According to cryptocurrency media outlet Watcher.Guru on May 10 (local time), XRP experienced a difficult period after its lawsuit with the U.S. Securities and Exchange Commission (SEC) in 2020 but gained regulatory clarity through a settlement. In particular, market confidence surged after a U.S. court ruled that individual purchases of XRP do not constitute a security, which served as a catalyst for XRP to reach an all-time high of $3.65 on July 18, 2026.
The most powerful means of demonstrating institutional investor participation is XRP spot ETFs. Several spot ETFs launched in late 2026 have provided a channel for institutions to enter the market without directly holding the asset. For example, global financial institution Goldman Sachs announced earlier this year that it holds approximately $153.8 million worth of XRP ETFs, and this inflow of large capital is interpreted as a strong signal of confidence in the market.

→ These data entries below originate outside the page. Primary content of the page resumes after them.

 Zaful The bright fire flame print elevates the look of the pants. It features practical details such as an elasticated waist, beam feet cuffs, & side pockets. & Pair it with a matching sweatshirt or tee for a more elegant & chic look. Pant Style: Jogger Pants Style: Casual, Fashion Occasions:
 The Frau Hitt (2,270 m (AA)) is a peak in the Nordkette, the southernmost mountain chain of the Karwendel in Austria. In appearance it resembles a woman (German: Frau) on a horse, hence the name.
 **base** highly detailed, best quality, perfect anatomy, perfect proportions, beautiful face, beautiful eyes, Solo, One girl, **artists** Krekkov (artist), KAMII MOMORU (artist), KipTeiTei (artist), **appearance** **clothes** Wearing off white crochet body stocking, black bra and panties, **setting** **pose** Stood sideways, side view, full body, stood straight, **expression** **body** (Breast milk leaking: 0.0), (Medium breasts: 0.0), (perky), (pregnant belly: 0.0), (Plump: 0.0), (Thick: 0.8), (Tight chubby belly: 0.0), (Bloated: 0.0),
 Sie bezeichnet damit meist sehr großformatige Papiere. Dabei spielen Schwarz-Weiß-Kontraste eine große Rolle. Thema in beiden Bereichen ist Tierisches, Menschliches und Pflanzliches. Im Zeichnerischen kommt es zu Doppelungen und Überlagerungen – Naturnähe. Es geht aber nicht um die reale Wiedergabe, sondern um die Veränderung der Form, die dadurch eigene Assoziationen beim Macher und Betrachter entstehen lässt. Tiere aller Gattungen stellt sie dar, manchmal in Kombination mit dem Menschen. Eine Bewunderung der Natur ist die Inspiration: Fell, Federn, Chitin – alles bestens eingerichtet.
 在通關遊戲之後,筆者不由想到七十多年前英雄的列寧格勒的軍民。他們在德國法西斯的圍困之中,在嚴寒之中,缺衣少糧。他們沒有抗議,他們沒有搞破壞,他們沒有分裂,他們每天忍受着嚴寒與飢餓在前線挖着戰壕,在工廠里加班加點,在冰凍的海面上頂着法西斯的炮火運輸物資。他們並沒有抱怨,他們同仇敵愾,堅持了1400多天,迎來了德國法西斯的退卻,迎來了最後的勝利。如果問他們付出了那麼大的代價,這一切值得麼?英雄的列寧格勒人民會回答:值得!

As seen in the past cases of Bitcoin (BTC) and Ethereum (ETH), institutional funds are a major driver of price increases. Large asset management firms like BlackRock and VanEck entered the market through spot ETFs, leading major cryptocurrencies to hit new highs in 2024 and 2025. The media predicted that XRP is highly likely to show a similar upward pattern once the current bear market concludes.

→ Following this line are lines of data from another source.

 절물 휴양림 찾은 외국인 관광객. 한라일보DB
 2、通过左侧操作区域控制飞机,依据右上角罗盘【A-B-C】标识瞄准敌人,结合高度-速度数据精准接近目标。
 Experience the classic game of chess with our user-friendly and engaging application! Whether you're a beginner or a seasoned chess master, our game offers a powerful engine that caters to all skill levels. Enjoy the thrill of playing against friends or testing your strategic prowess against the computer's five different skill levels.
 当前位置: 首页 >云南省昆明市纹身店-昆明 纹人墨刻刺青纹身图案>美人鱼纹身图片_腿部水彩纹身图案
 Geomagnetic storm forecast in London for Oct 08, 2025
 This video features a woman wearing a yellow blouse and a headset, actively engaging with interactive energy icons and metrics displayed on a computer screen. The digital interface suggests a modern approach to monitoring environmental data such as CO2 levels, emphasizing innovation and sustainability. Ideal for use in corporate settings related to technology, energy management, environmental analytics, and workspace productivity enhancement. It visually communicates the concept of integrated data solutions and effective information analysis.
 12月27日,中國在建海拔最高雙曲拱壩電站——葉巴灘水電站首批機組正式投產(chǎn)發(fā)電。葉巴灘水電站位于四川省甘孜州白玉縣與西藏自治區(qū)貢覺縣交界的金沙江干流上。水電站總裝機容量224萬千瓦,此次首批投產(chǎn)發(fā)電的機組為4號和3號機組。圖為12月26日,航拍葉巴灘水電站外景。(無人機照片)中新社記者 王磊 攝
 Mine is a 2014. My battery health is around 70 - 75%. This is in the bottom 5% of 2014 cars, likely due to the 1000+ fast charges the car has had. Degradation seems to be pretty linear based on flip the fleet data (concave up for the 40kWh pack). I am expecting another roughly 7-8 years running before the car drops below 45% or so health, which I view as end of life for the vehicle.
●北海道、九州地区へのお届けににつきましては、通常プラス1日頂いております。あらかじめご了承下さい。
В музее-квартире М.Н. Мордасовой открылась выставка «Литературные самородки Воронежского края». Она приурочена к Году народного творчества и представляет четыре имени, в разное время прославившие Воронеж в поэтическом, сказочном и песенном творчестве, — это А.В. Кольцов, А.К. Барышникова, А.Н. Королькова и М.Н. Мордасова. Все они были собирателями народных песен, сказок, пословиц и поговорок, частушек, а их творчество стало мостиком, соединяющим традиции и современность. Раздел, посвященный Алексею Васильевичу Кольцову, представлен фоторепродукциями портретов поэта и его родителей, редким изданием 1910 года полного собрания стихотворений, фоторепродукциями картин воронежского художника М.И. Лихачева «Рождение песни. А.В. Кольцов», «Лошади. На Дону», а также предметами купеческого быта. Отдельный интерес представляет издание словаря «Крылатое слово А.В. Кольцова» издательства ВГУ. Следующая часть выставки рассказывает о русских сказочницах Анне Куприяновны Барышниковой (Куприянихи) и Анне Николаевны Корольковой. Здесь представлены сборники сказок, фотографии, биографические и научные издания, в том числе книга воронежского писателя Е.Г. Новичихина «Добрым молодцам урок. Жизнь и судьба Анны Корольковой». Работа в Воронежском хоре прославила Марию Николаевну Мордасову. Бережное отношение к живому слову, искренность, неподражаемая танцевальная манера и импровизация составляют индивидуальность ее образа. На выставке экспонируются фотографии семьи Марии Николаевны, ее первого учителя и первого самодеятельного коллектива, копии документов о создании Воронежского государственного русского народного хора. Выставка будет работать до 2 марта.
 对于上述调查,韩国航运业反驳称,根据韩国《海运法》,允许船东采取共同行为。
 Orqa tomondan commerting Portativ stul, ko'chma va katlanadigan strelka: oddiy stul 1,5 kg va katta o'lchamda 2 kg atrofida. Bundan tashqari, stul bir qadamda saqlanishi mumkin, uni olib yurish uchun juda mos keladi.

However, institutional support does not necessarily guarantee price stability. According to CoinGecko data, the price of XRP is currently undergoing a sharp correction, having fallen by over 62% from its 2025 peak. This demonstrates that while institutional funds can improve investor sentiment and build confidence, they cannot fully offset the inherent high volatility of cryptocurrencies.
Ultimately, active institutional adoption is a positive factor for XRP's long-term survival and growth, but investors should always be mindful of market volatility. Experts advised that it is crucial to simultaneously monitor the inflow of institutional funds and market technical indicators.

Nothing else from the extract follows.